Re: Cisco Nexus9000 Adjacency manager bug

from88 · ‎03-12-2018

Hello,

We're running Cisco Nexus9000 C9372PX. System version: 7.0(3)I4(4) with VPC configration. Lately we noticed some data loss/flapping. Especially when you configured a port-channel.

Interface port-channel1522
description description
switchport mode trunk
switchport trunk native vlan 1380
switchport trunk allowed vlan 1380,1370
no lacp suspend-individual
vpc 1522

After sometime traffic gets interuption in older port-channels. I managed to see in show ip route command that only one nexus is having direct route toward that host at the times of loss.

For example:

19:31:05.155 NET03B# show ip route 10.13.22.105 vrf lan
19:31:05.166 IP Route Table for VRF "lan"
19:31:05.167 '*' denotes best ucast next-hop
19:31:05.167 '**' denotes best mcast next-hop
19:31:05.167 '[x/y]' denotes [preference/metric]
19:31:05.167 '%<string>' in via output denotes VRF <string>
19:31:05.167 
19:31:05.167 10.13.22.105/32, ubest/mbest: 1/0, attached
19:31:05.168 *via 10.13.22.105, Vlan1322, [250/0], 00:26:59, am

and other nexus shows this:

18:56:14.030 NET03A# sh ip route 10.13.22.105  vrf lan
18:56:14.048 IP Route Table for VRF "lan"
18:56:14.048 '*' denotes best ucast next-hop
18:56:14.048 '**' denotes best mcast next-hop
18:56:14.048 '[x/y]' denotes [preference/metric]
18:56:14.048 '%<string>' in via output denotes VRF <string>
18:56:14.048 
18:56:14.048 10.13.22.0/23, ubest/mbest: 1/0, attached
18:56:14.049     *via 10.13.22.2, Vlan1322, [0/0], 00:05:58, direct

The only thing helps - reboot one or both boxes. After that both have routes to /32 AM.
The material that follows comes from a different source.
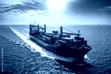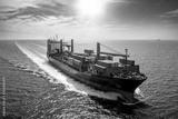 Aerial view of aloaded container cargo vessel traveling with high speed over blue sea

Anyone experenced simmilar issue ? Is this is a bug or something else ? Thanks for any input.

clsulliv · ‎03-12-2018

Since this is a host route, our specific route will be triggered when we have a complete ARP entry for the host. Were you able to verify if the second N9K had complete ARP during these issues?

Configuring a port-channel will result in a TCN which will result in the N9K flushing the MAC table. Normally this should recover itself and if traffic hits the N9K without the specific ARP entry, we should glean punt the traffic and resolve ARP that way.

Can you verify stability of VLAN1322 with 'show spanning tree vlan 1322 detail'?

from88 · ‎03-12-2018

thank you,

here what show stp shows:

VLAN1322 is executing the rstp compatible Spanning Tree protocol
Bridge Identifier has priority 32768, sysid 1322, address 0062.ec1a.1905
Configured hello time 2, max age 20, forward delay 15
We are the root of the spanning tree
Topology change flag not set, detected flag not set
Number of topology changes 4 last change occurred 4:36:56 ago
from port-channel151
Times: hold 1, topology change 35, notification 2
hello 2, max age 20, forward delay 15

the strange thing is that in port-channel creation i create and allow only two vlans. And the problem starts to appear on other ones. Do TCN works per port not per vlan ? Still trying to understand if it's related to TCN and STP. And yes other N9K has complete ARP entry.

We're thinking to do and upgrade, try again to create bunch of port-channels and see if it's helping.

Any other ideas ? thanks

clsulliv · ‎03-12-2018

The TCN is pointing to Po151 as the cause of this TCN but this may not be accurate if you have reloaded the devices.

Number of topology changes 4 last change occurred 4:36:56 ago from port-channel151

Depending on how you deploy the port-channel, you can create the TCN across all VLANS, i.e. you configure it as a trunk prior to pruning to specific required VLANs.

We can figure out what may be leading to this issue but we would need to have specific logs from few processes to properly figure this out. This would require us to take a look in the broken state most likely.

from88 · ‎03-12-2018

thanks.

po151 ir peerlink

interface port-channel151
description VPC Peer-Link
switchport mode trunk
switchport trunk allowed vlan 1,1301-1399,1801-1899
spanning-tree port type network
vpc peer-link

and that timer then the devices was reloaded.

Which command will help to troubleshoot more ?

from88 · ‎03-13-2018

Also, seems the reason could be this bug:

As i starting to remind. This behaviour we're experiencing gets only when configuring bunch of a port-channels at the same time e. g. 8 port-channels. When im doing this in manual way there'are no disruptions.